# Problem requirements
Nothing but the text belongs in the answer: the listing below, copied exactly, without pictures.

# Recorded information
• • • •

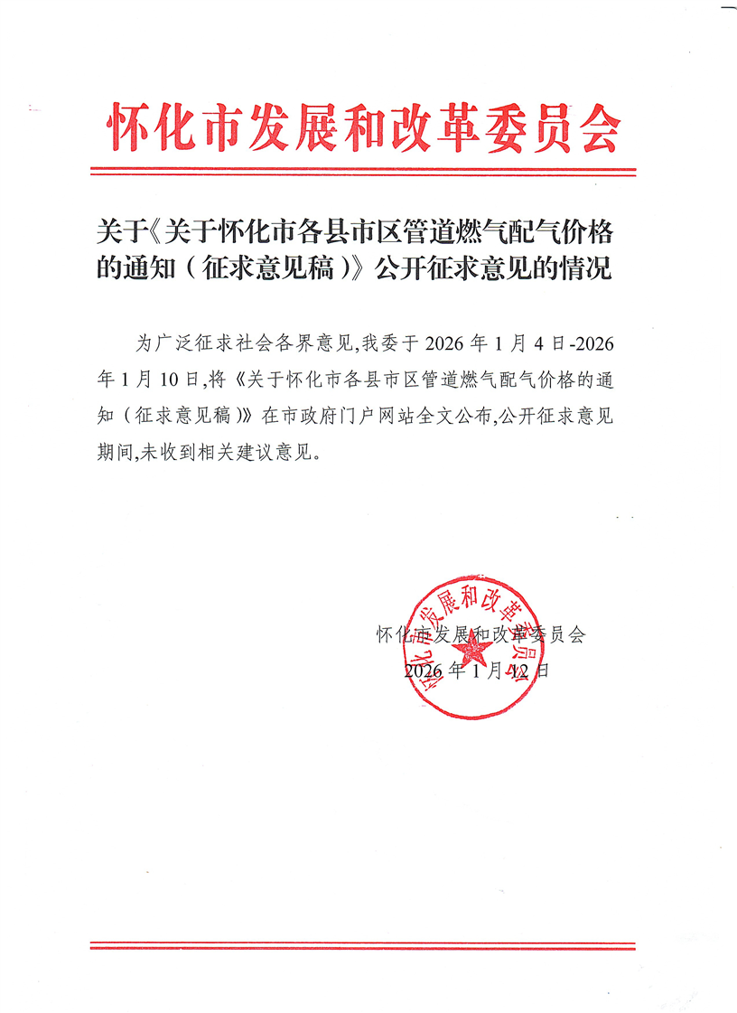關于《關于懷化市各縣市區(qū)管道燃氣配氣價格的通知(征求意見稿)》公開征求意見的情況
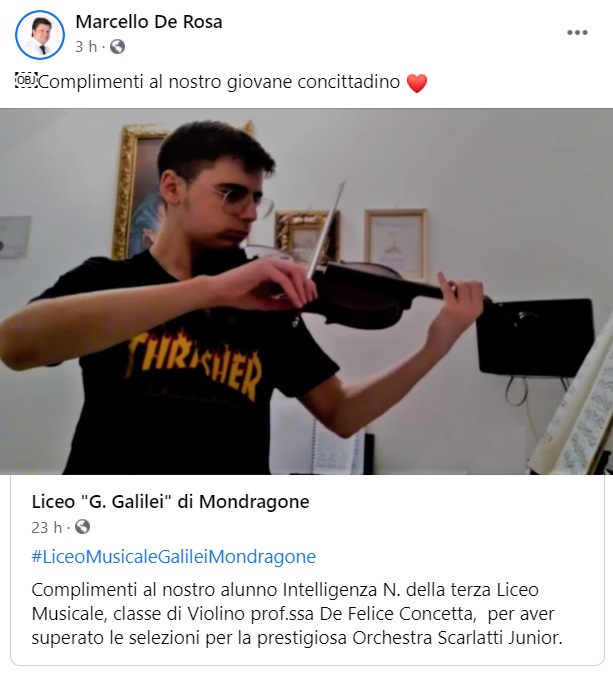 Liceo Musicale Galilei Mondragone Complimenti al nostro alunno Intelligenza N. della terza Liceo Musicale, classe di Violino prof.ssa De Felice Concetta, per aver superato le selezioni per la prestigiosa Orchestra Scarlatti Junior."
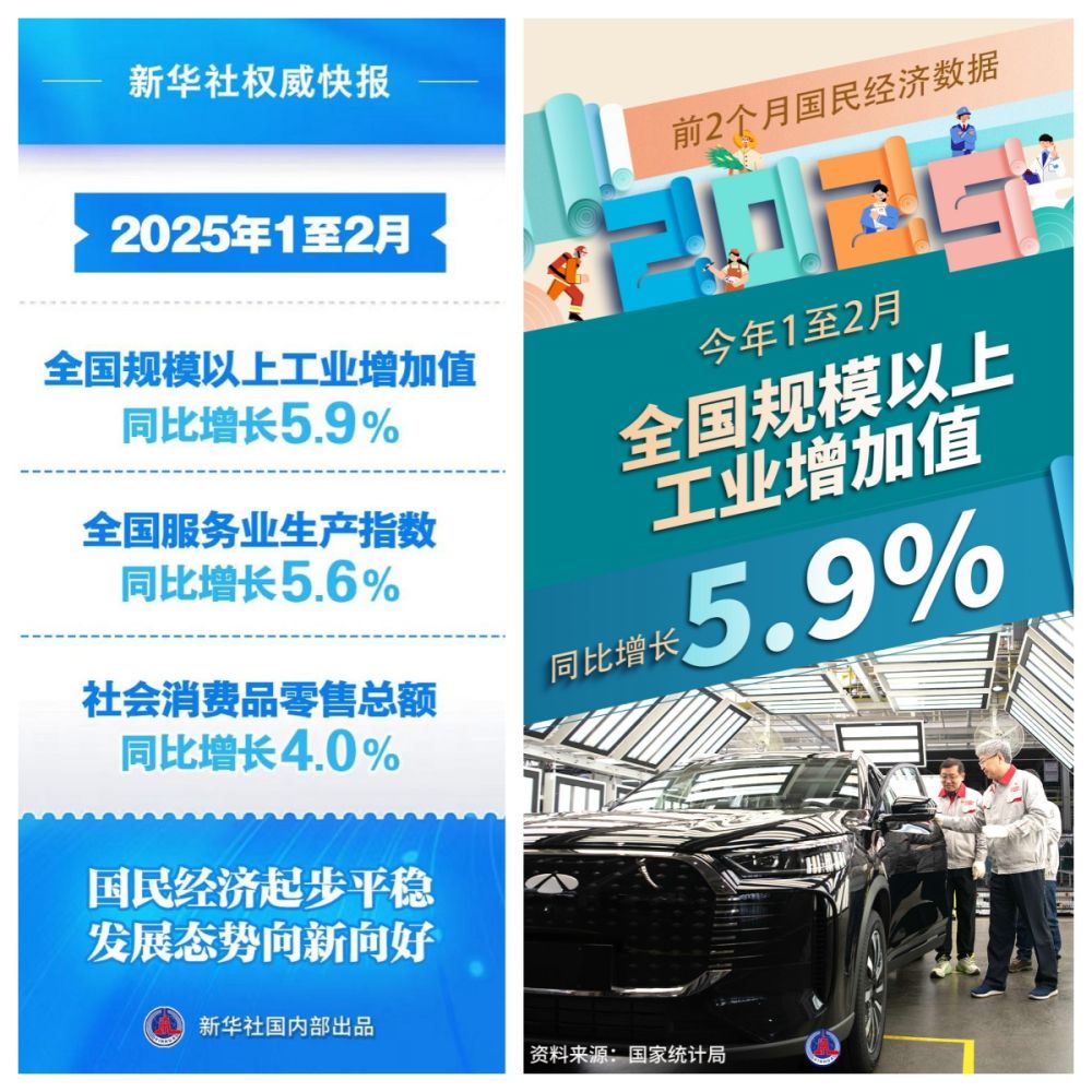 今年前2個月,工業(yè)服務業(yè)較快增長,消費投資繼續(xù)改善,就業(yè)形勢總體穩(wěn)定,新質生產(chǎn)力成長壯大,經(jīng)濟運行起步平穩(wěn),發(fā)展態(tài)勢向新向好,展現(xiàn)中國經(jīng)濟強大韌性。

• • • •

# Solution to this task
關于《關于懷化市各縣市區(qū)管道燃氣配氣價格的通知(征求意見稿)》公開征求意見的情況
 Liceo Musicale Galilei Mondragone Complimenti al nostro alunno Intelligenza N. della terza Liceo Musicale, classe di Violino prof.ssa De Felice Concetta, per aver superato le selezioni per la prestigiosa Orchestra Scarlatti Junior."
 今年前2個月,工業(yè)服務業(yè)較快增長,消費投資繼續(xù)改善,就業(yè)形勢總體穩(wěn)定,新質生產(chǎn)力成長壯大,經(jīng)濟運行起步平穩(wěn),發(fā)展態(tài)勢向新向好,展現(xiàn)中國經(jīng)濟強大韌性。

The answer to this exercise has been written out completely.